Histogram Equalization
Histogram Equalization is the process of normalizing the intensity of the individual pixel against its respective probability (the likelihood of that pixel intensity value in the image). The outcome of this operation is an image is often has higher, perhaps better contrast than the original image
Mathematically, histogram equalization is defined by the following formular
$$ img_{eq} = (levels-1) \sum_{i=1}^{n}{ p_i} $$
where:
$p_i$: probability density values at pixel intensity $i$
$levels$: total intensity levels (i.e. grayscale = 8, (0-7)
Example:
Suppose we have a $7x7$ image with pixels values on the left matrix below. The histogram equalization process follows the following operations:
- 1. We first establish a gray scale level of pixels and compute frequency from image
- 2. Compute the pdf against the frequency: $\frac{freq}{total\ pixels}$
- 3. Compute the cumulative density distribution i.e. cumulative sum of pdfs
- 4. Multiply cdf by total gray levels - 1 (7)

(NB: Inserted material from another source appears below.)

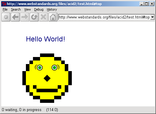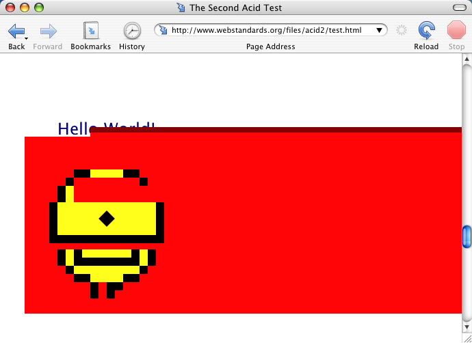 This is a series of screenshots of current major browsers (or browsers that pass), rendering the Acid 2 test. Each can be compared with the screenshots of Internet Explorer's current releases - currently the most popular browser, and also the one with the poorest support for Internet standards. Congratulations to everyone who passes; Safari, Prince, Opera, iCab, Konqueror, (future) Mozilla/Firefox, Obigo, Tkhtml, and finally Internet Explorer. You help to make the Web a more reliable place for Web developers.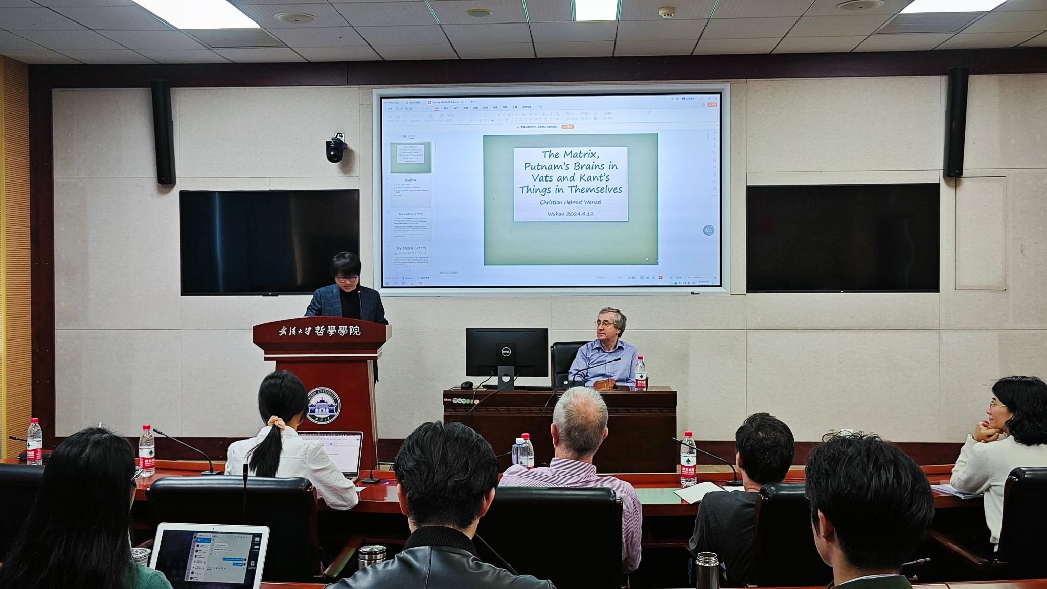 本网讯(通讯员 刘浩)4月12日下午,台湾大学特聘杰出教授文哲(Christian Helmut Wenzel)先生应邀做客“珞珈美学讲坛”第10讲,在振华楼B214报告厅为全院师生作了题为“《黑客帝国》、‘缸中之脑’与康德的‘物自体’”的讲座。讲座由美学蜜桃直播主任贺念副教授主持,外国哲学蜜桃直播杨云飞教授、五楼自拍 外籍教师Paul Patton教授、Thomas M.Besch教授、Ben Cross副研究员、Matthew Lutz副教授等五楼自拍 60余位师生参与了讲座。

- 5. Round the resulting value to get equalized pixel.
- 6. Finally, map the original gray scale pixel to new equalized pixel
Implementation in OpenCV
import cv2
import numpy as np
import matplotlib.pyplot as plt
%matplotlib inline
%config InlineBackend.figure_format = 'retina'
cat_img = cv2.imread('cat.png')
cat_img = cv2.cvtColor(cat_img, cv2.COLOR_BGR2RGB)
plt.imshow(cat_img)
Converting to Grayscale
cat_img_gray = cv2.cvtColor(cat_img, cv2.COLOR_RGB2GRAY)
plt.imshow(cat_img_gray, cmap='gray')
Equalization
cat_img_gray_eq = cv2.equalizeHist(cat_img_gray)
fig = plt.figure(figsize=(15, 10))
fig.add_subplot(131)
plt.imshow(cat_img)
plt.title('Original Image')
plt.axis('off')
fig.add_subplot(132)
plt.imshow(cat_img_gray, cmap='gray')
plt.title('Grayscale Image')
plt.axis('off')
fig.add_subplot(133)
plt.imshow(cat_img_gray_eq, cmap='gray')
plt.title('Histogram Equalized Image')
plt.axis('off')
Notice that the equalized histogram image has better contrast than the original and gray scale images.